I saw two beautiful things the other
day, neither of them the thing I was looking for. I'd gone out
after an LRP. They'll be in the wader meadow at Kingfishers Bridge
soon but they weren't there yet. What I did get though was a pair of
quite brilliant lapwings. Not the plover I wanted, but a plover
nonetheless and one I've seen hundreds and hundreds of recently.
Lapwings have long been a favourite of
mine, and this year I've really loved seeing a few more of them
around; in the fields outside Cottenham, alongside the Ouse Washes
and most spectaculary coming in to roost at Ouse Fen. They're great
in huge numbers, all flip flapping away, black, white, black, white.
They're not very special though.
So it was with slowly growing real joy
that I focussed on a pair sat placidly right in front of the hide.
They're dandy little birds with their white bibs, jaunty crests
(something of the waxed moustache there) and their iridescent capes.

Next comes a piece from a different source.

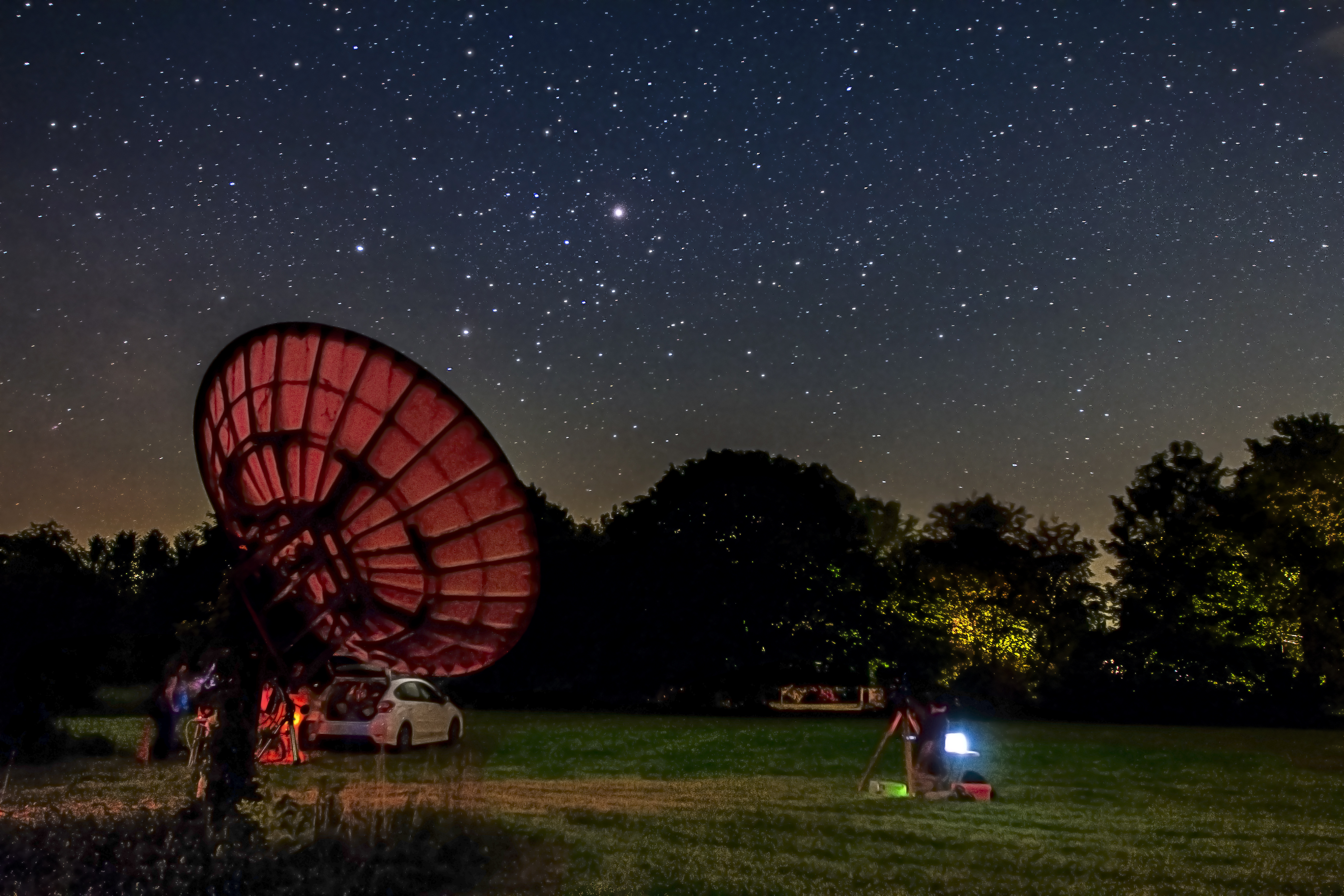 Custer Astronomical Observatory, Southold, New York, USA. It's about 1.5-hour drive from NYC, on the north shore of Long Island, and has one of NY with dark skies. Radio Telescope and Jupiter.

It wouldn't have surprised me if I'd zoomed in to see a little
monocle covering one eye. The colouring of their backs is just
amazing. There must be an adaptive reason for it but I can't for the
life of me think what it could be.
As I was looking at them, thinking how
good it is to have a good, long, close up look at something quite
familiar, a pair of stock doves alighted nearby. Wow. Maybe the laps
had attuned me to iridescence or maybe the sunlight caught them just
right, but the bright jade colour on the side of their smooth grey
necks was astonishing. That's what I love about this life; the
capacity to be blown away by a pair of pigeons.